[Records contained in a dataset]
Segment Open

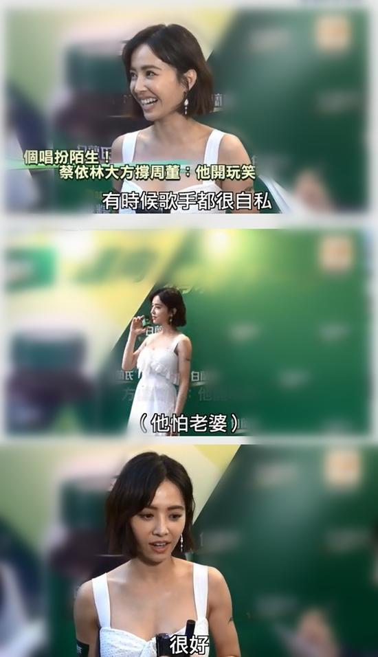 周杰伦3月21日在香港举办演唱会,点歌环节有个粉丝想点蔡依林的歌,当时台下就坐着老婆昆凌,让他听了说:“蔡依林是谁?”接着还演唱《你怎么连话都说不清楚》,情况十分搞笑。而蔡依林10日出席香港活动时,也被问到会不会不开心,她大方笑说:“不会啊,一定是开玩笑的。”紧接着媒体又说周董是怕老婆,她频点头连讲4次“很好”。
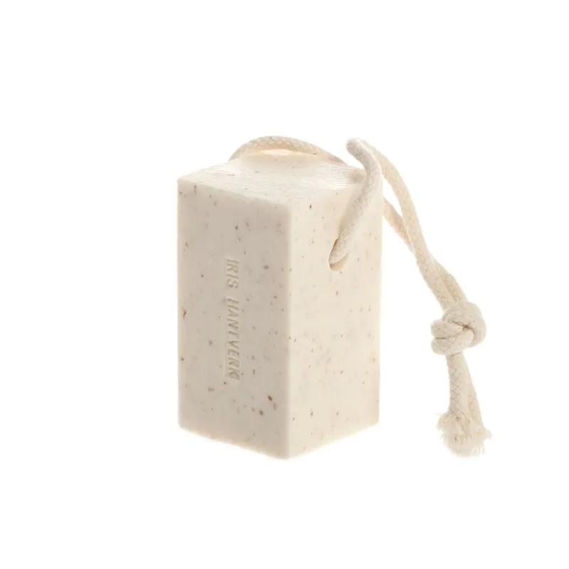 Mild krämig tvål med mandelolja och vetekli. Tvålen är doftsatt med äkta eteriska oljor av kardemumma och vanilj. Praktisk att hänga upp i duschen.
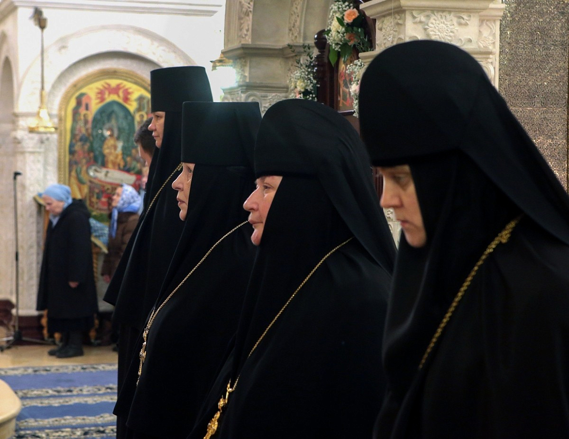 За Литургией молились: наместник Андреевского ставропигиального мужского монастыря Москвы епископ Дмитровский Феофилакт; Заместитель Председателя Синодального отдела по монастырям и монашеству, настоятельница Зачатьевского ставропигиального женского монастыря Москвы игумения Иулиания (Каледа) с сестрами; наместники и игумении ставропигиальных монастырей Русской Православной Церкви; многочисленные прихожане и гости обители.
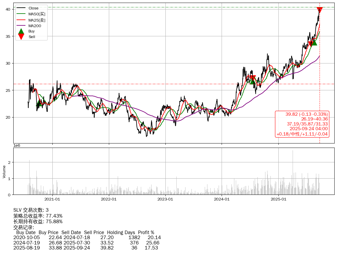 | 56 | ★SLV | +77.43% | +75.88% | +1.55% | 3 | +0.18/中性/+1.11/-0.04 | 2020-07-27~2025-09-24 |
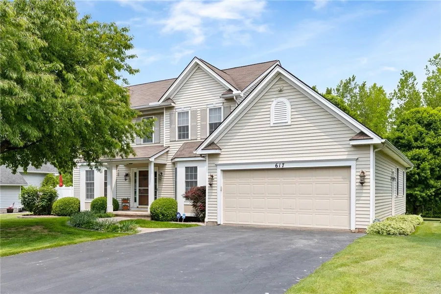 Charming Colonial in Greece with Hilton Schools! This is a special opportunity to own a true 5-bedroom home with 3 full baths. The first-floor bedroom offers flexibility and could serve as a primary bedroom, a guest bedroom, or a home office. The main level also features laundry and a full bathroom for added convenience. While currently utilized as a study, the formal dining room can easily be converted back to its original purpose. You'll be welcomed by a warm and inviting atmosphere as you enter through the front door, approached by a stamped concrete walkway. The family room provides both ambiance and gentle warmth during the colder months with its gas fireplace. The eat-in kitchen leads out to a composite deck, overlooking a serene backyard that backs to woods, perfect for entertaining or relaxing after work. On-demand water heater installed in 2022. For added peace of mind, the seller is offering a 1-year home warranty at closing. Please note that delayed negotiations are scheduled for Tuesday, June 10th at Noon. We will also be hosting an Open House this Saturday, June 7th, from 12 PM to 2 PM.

Segment Closed

▶ [Action item] When pictures appear in the records above, leave them out and reproduce exactly each line from the first through the line containing "3 | +0.18/中性/+1.11/-0.04 | 2020-07-27~2025-09-24 |", both included.

▶ [Your solution]
 周杰伦3月21日在香港举办演唱会,点歌环节有个粉丝想点蔡依林的歌,当时台下就坐着老婆昆凌,让他听了说:“蔡依林是谁?”接着还演唱《你怎么连话都说不清楚》,情况十分搞笑。而蔡依林10日出席香港活动时,也被问到会不会不开心,她大方笑说:“不会啊,一定是开玩笑的。”紧接着媒体又说周董是怕老婆,她频点头连讲4次“很好”。
 Mild krämig tvål med mandelolja och vetekli. Tvålen är doftsatt med äkta eteriska oljor av kardemumma och vanilj. Praktisk att hänga upp i duschen.
 За Литургией молились: наместник Андреевского ставропигиального мужского монастыря Москвы епископ Дмитровский Феофилакт; Заместитель Председателя Синодального отдела по монастырям и монашеству, настоятельница Зачатьевского ставропигиального женского монастыря Москвы игумения Иулиания (Каледа) с сестрами; наместники и игумении ставропигиальных монастырей Русской Православной Церкви; многочисленные прихожане и гости обители.
 | 56 | ★SLV | +77.43% | +75.88% | +1.55% | 3 | +0.18/中性/+1.11/-0.04 | 2020-07-27~2025-09-24 |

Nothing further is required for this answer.